Lambo played goalkeeper for a U.S. youth team against the likes of Germany’s Toni Kroos and Belgium’s Eden Hazard before becoming the first player to go from high-level soccer to the NFL—a move Kane would like to replicate when his time in the Premier League ends.
“I have always said I’d like to try and see if it would be possible,” Kane told SI.com last summer. “It depends on how my career goes and injuries and how I age. But if I get to a stage where I am still fit and feel like I can do a job, I’d love to. If they have a team in England, it could work perfectly.”
Suh’s father played semipro in Germany while studying to become a mechanical engineer; his older sister spent time with Cameroon’s national team as a midfielder, playing in the 2008 African Women’s Championship. While other NFL players fell for soccer only recently, Suh grew up playing the sport before he physically outgrew it in eighth grade. He’s been hooked since 1994, when he watched Cameroon play a World Cup game in the U.S. Cameroon didn’t qualify this year, so Suh has adopted Nigeria, because it’s an African nation and because it has accepted refugees from its southern neighbor.
On the flip side, a number of young U.S. players who compete in Germany have helped popularize the other football with their Bundesliga teammates. Weston McKennie (Schalke) and Christian Pulisic (Borussia Dortmund) set aside their club rivalry to have a Super Bowl party last February, along with Schalke youth player and Virginia-born Nick Taitague. Schalke U-19 keeper Timon Weiner hosted a party for the group, complete with mounds of chicken wings and cookies from Subway.

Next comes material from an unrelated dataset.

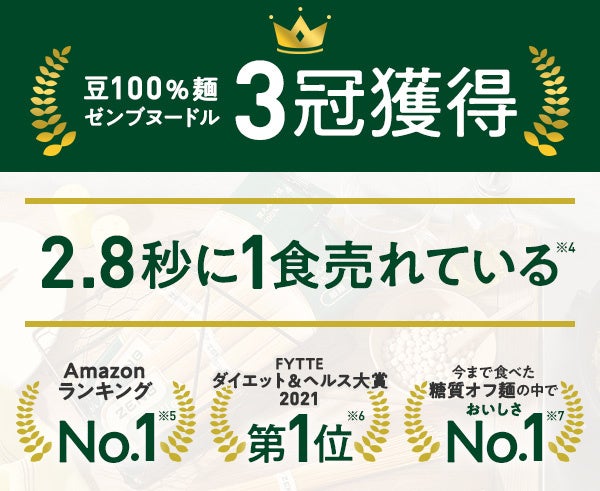 「ZENBヌードル」は、おかげさまで累計販売数700万食を突破し、さらに『Amazon ランキング No.1※5』、『FYTTE ダイエット&ヘルス大賞 No.1※6』、『今まで食べた糖質オフ麺の中でおいしさ No.1※7』の3冠を獲得しました。
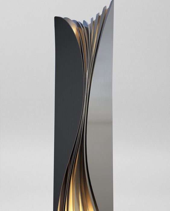 一片葉子的標識牌與金色及灰色的切面發(fā)光效果。

“A couple of years ago, teammates never would have been talking about [the Super Bowl],” Taitague says. “It’s cool to see.”
The group stayed up past 5 a.m. to watch the Eagles’ 41–33 win over the Patriots. The next day, the players debated Butler’s benching and reviewed highlights to understand how Philadelphia quarterback Nick Foles pulled off that fourth-and-goal trick play. As Kane rooted for Brady from England, so did 19-year-old Florian Krüger in Germany.
“He is like an idol for me,” the Schalke forward says.
Krüger (a Rams fan) and Weiner (a Giants fan) spent the next several months obsessing over mock drafts, keeping Taitague up to date with the latest rumors.
The Super Bowl will never match the World Cup for global attention, no matter how many games the NFL plays on other continents. But after the trophy is awarded on July 15 in Moscow, the bonds between professional football and soccer players will continue to grow. And FIFA 19 should be out in September.